What Good Is It To See the Whole World but Forfeit Our Souls?

Tackling ethical travel in a fraught tourism industry.
the photo is a image of a red church carved out of rock. The church has pilgrims surrounding it, all of them wearing white
Pilgrims gather for Christmas services at the rock-hewn Church of St. George (Biete Ghiorgis), the best known of the 11 monolithic churches in Lalibela, Ethiopia. / MWayOut / iStock

COMPLETELY BY COINCIDENCE, travel writer and translator Shahnaz Habib once joined thousands of pilgrims in Lalibela, Ethiopia. Habib’s trip happened to overlap with Ethiopian Christmas, which brings Ethiopian Orthodox Christians from across the country and world to the town, famous for its medieval rock-hewn churches.

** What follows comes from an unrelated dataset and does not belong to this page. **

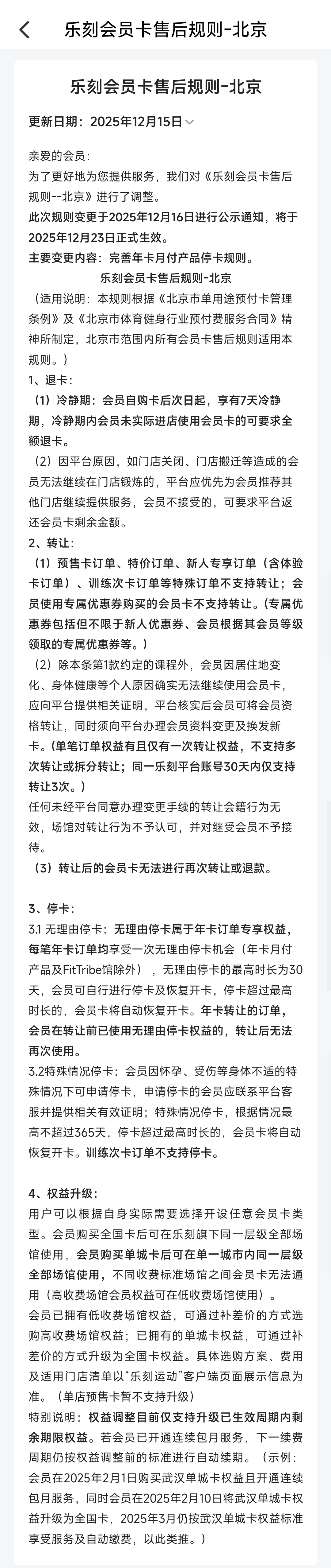 图片来源:《乐刻会员卡售后规则-北京》截图。

Detailing her experience in her book Airplane Mode, a personal history of travel with a sharp eye for the colonial legacies in tourism, Habib calls Lalibela’s churches “marvels of subterranean engineering.” Carved from red volcanic rock, they sit embedded in the ground, connected by tunnels. The complex of structures was built in the 12th century as an homage to Jerusalem, complete with replicas of Christ’s Nativity crib and tomb.

Habib observed as her fellow travelers lined up around the churches to kiss crosses offered by priests: “A kiss at the top of the cross, a kiss at the bottom, a touch of the cross to the forehead. Hundreds of kisses every hour.” She noted the procedural quality of the ritual.

“To lose oneself in a crowd. To walk the beaten path. To wait and be bored,” she writes. “Perhaps what separates the tourist and the pilgrim is not the reasons for their travel but the satisfaction that the pilgrim finds in what frustrates the tourist.”